Package/Module Renaming

  • Rename Python package directory from updatenetwork to chromloc (or similar concise, descriptive name aligned with the repo).
  • Rename update.pyannotate.py (core logic) and cli.pycli.py (keep name, update imports) to reflect chromosome-location annotation purpose.
  • Update pyproject.toml entry points and any imports to the new package/module names.
  • Keep console script name user-facing, e.g., cytoscape-chromloc.

Implementation Steps

  1. Add resolver module (chromloc/resolvers.py) with Local/MyGene/Ensembl implementations + cache wrapper.
  2. Add NDEx fetcher helper (chromloc/ndex_fetch.py) to download and cache interaction networks by UUID.
  3. Extend annotate.py to:
    • Parse CLI options (passed through run_update).
    • Build hierarchy graph, aggregate genes, resolve chromosomes, and annotate nodes.
    • Keep existing progress messaging pattern.
    • Generate per-chromosome count attributes for the human chromosome list by default (extendable for other species).
  4. Update cli.py for new arguments and pass them into run_update (now importing from chromloc.annotate).
  5. Update requirements.txt to include ndex2 client (and requests if the fetcher needs it explicitly).
  6. Write pytest suite under tests/ with fixtures for hierarchy CX2 snippets.
  7. Document usage in README.rst (new options, expected outputs, example command).
  8. Add a small helper script scripts/build_gene_chr_map.py that:
    • Downloads/reads a public gene annotation source (e.g., NCBI gene info or Ensembl BioMart export) for human.
    • Produces a UTF-8 TSV symbol\tchromosome and a JSON dictionary {symbol: chromosome}.
    • Normalizes symbols to uppercase, strips version suffixes, and skips non-standard chromosomes unless --include-alt is passed.
    • Accepts --input (path or URL), --output-tsv, --output-json, --species (default human), and --allow-ambiguous (keep first mapping when multiple chromosomes exist).
    • Includes a brief README section on how to refresh the dataset and recommended refresh cadence.

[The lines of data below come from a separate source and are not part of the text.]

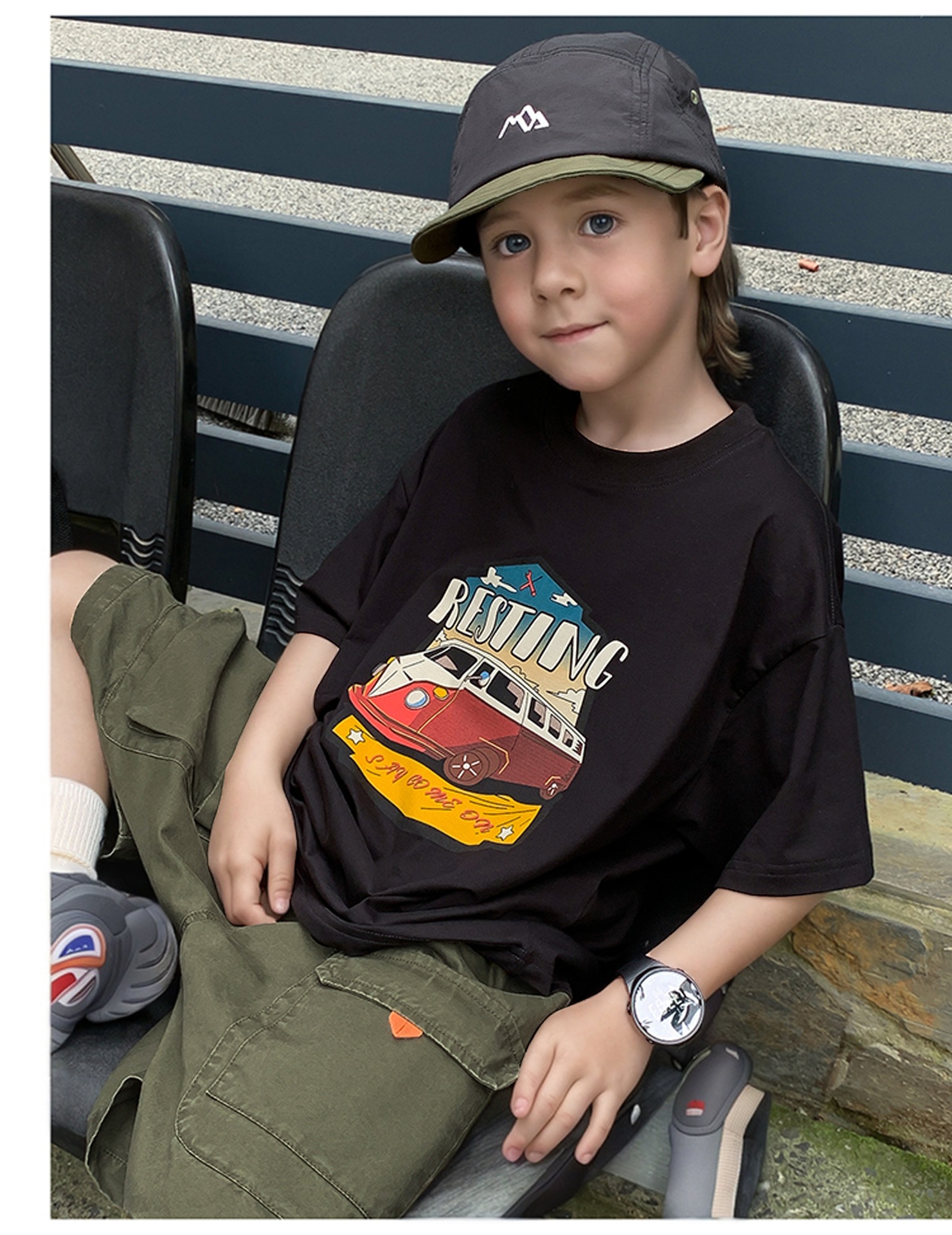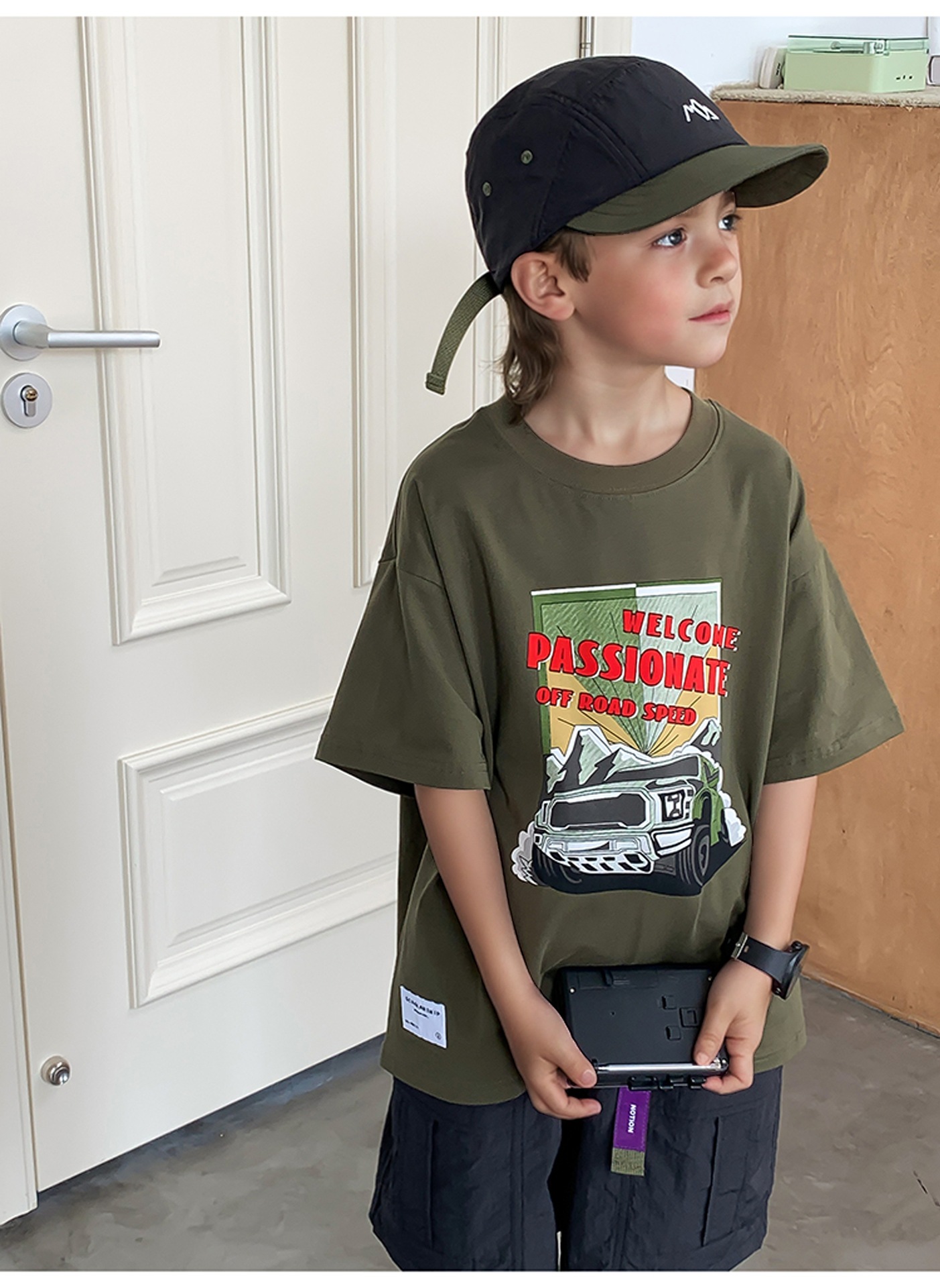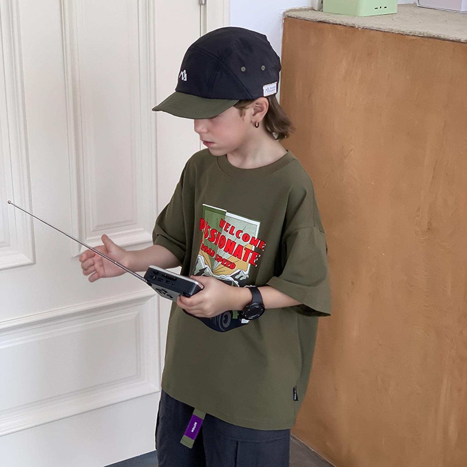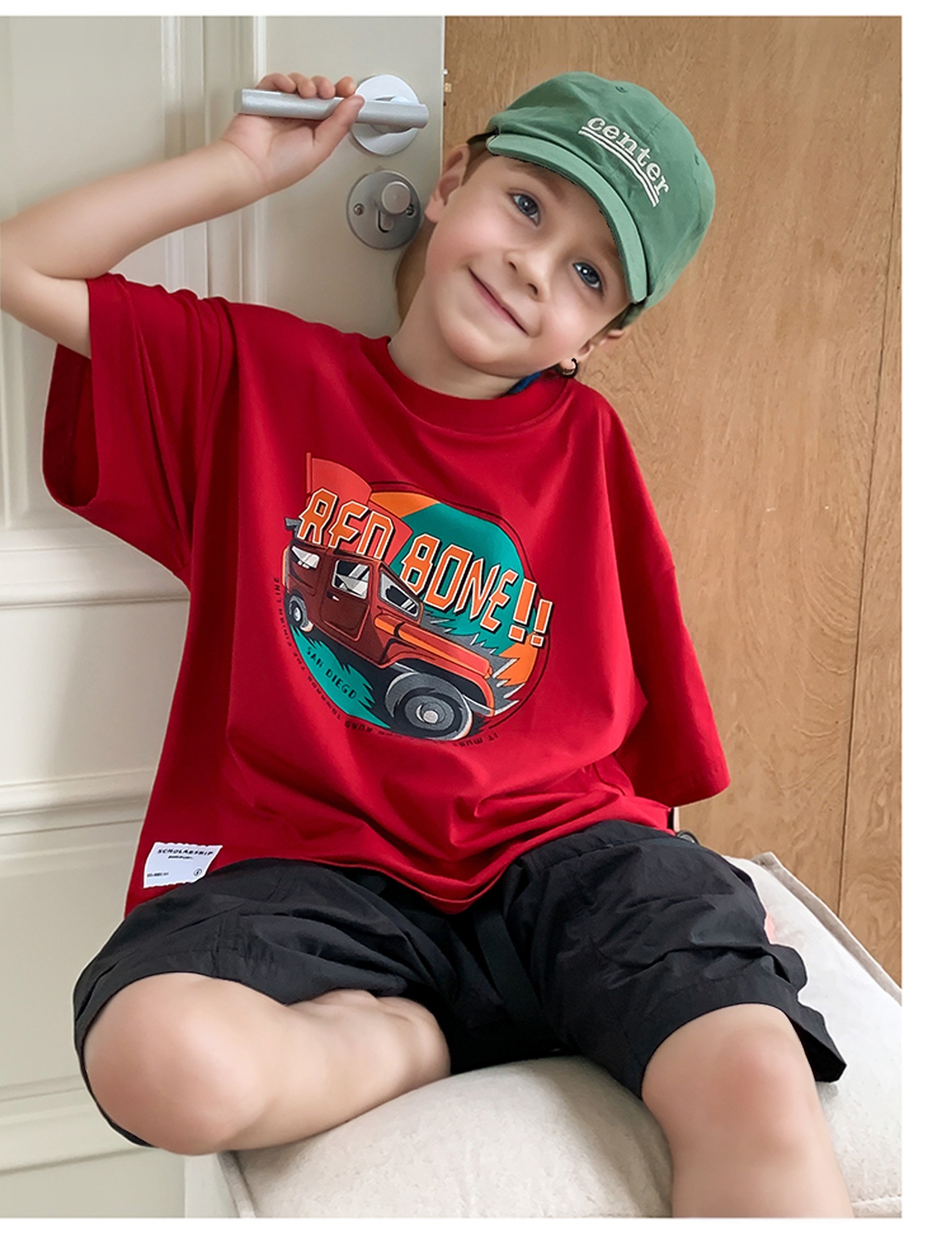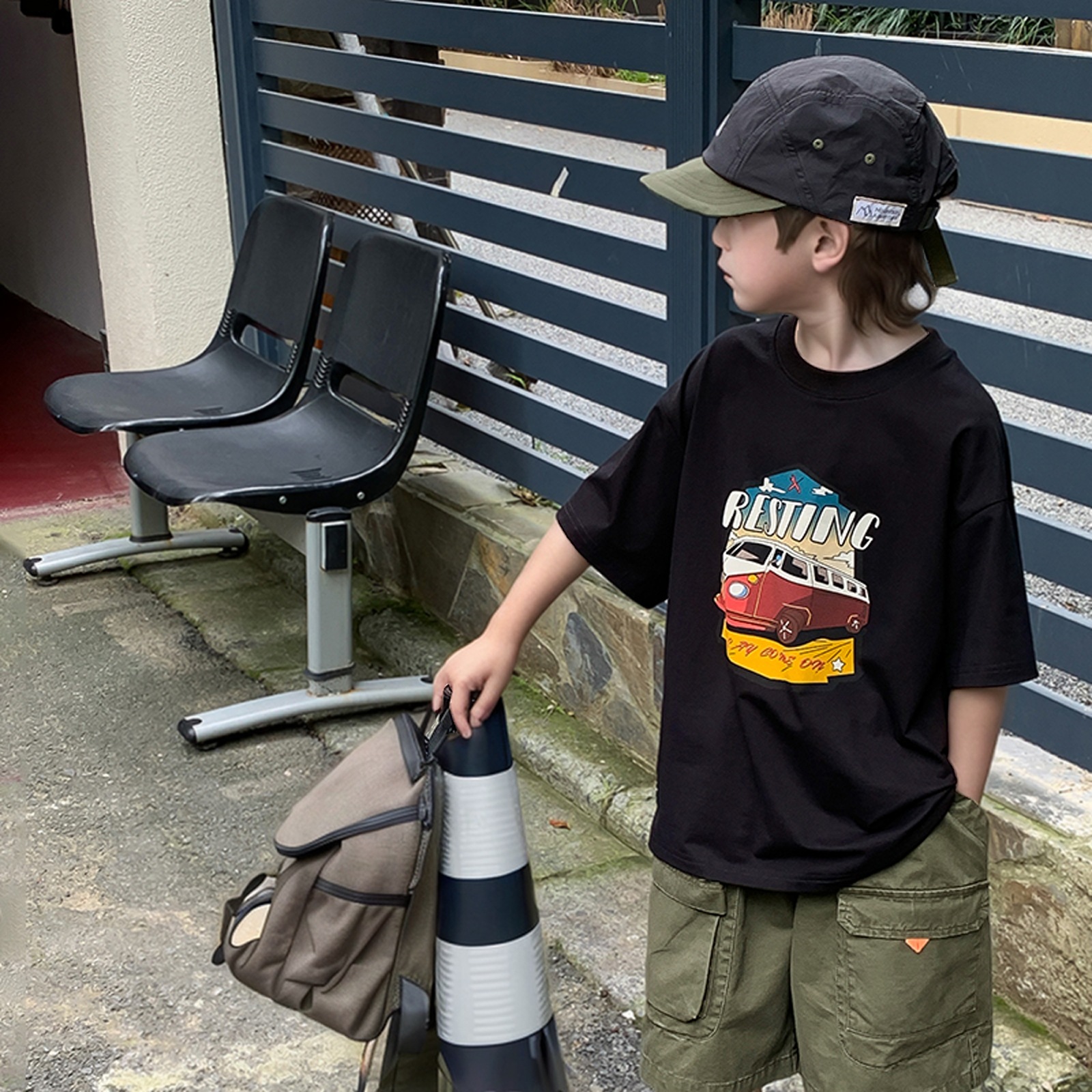 2025년 신작 여름 옷, 남아 및 대형 아동용 라운드 넥 티셔츠, 반팔, 패셔너블한 아동용 반팔 한국식 베이비 탑, 남성용 트렌디스토어 가기
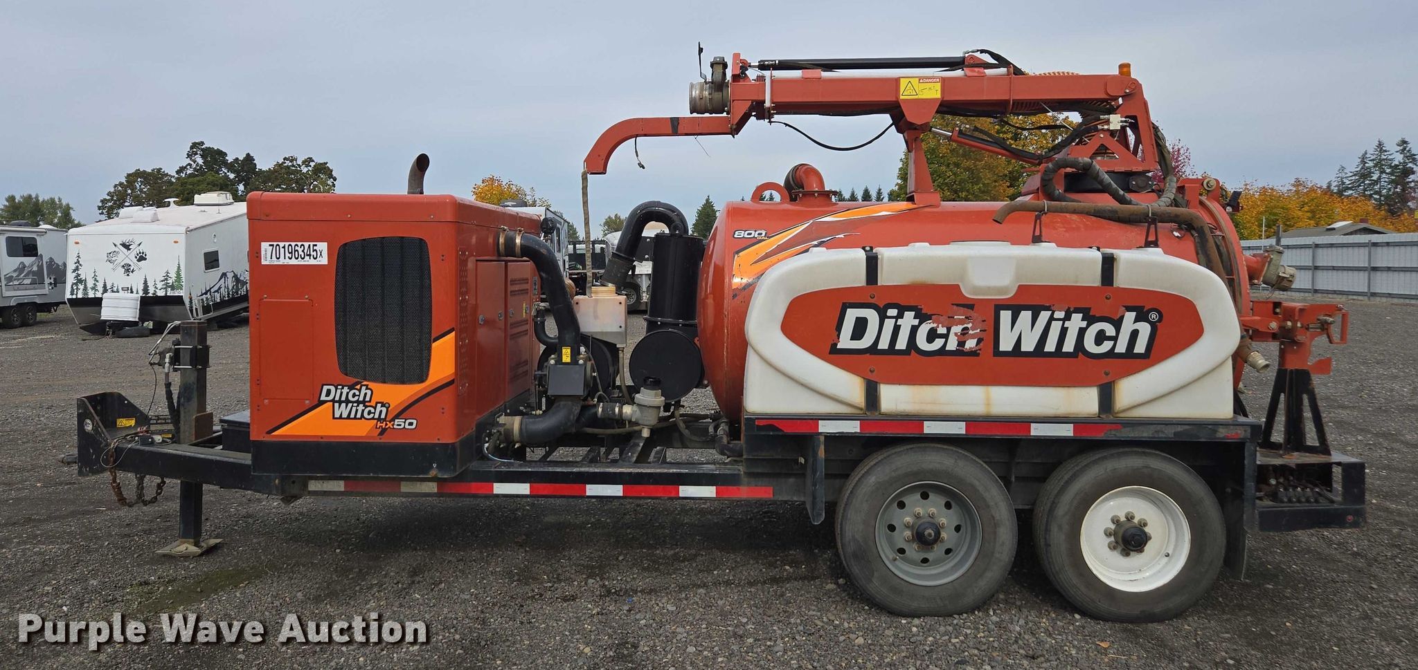 2019 Ditch Witch HX50 vacuum excavator. Hours: 2,031 on meter, VIN: 1DST722MXK1702016, Serial: DWPHX50XEK0000111, Seller lot #: 203402, Unit #: 70196345. Engine Kubota D1803, Cylinders: 3, Fuel type: Diesel. Features Spoils tank Capacity: 800 gallons, Water tank Capacity: 300 gallons, Water pump CMW, Vacuum pump Tuthill, Inlet valve size: 6", Outlet valve size: 6", Reverse flow. Trailer 2019 Ditch Witch VT24, Hitch: Pintle, Suspension: Torsion, Brakes: Electric, Axles: Tandem, Tire size: 235/75R17.5, GVWR: 24,000 lbs, GAWR: 12,000 lbs. Notes Unknown operating condition of vacuum pump, belts missing. Fleet inventory reduction, stored at a secured facility. Please review REQUIRED REMOVAL INSTRUCTIONS. Titles will be distributed after confirmation of payment and removal. Oregon title. Title distribution may be delayed up to 30 days from verification of funds. HW. Woodburn, OR 97071
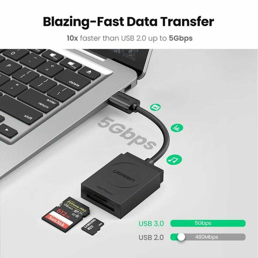 Отличный кардридер с честной (в отличие от дешёвых за 400 р.) скоростью передачи данных USB 3, что особенно актуально для постоянной работы с большими объёмами данных.

Visualization (pie chart style)

  • Add/modify visualProperties aspect to define a node fill pie chart using the per-chromosome count attributes.
    • Use Cytoscape pie-chart custom graphics: map chr1_countchr22_count, chrX_count, chrY_count, chrM_count to pie slices in a fixed order for consistent color mapping.
    • Define a discrete palette (e.g., ColorBrewer qualitative set) and store in style properties.
    • Ensure style references attributes by name; if attributes are missing or zero, slices render as 0.
  • If an existing style is present, append a new style entry (do not overwrite). Provide a network attribute flag chromosomePieStyleApplied=true to avoid reapplying.
  • Keep sizing/opacity unchanged; only set node fill (custom graphics) to the pie chart. Text/labels remain as-is.

Risks & Mitigations

  • Chromosome map staleness: provide documented script to refresh the local map and recommend cadence.
  • Hierarchy variability: tolerate missing aspects by clear error; make attribute names configurable.
  • CX2 type constraints: use list_of_string + JSON string to stay within supported types.
  • Performance on large trees: single-pass post-order traversal with memoized resolutions; batch NDEx fetches via caching.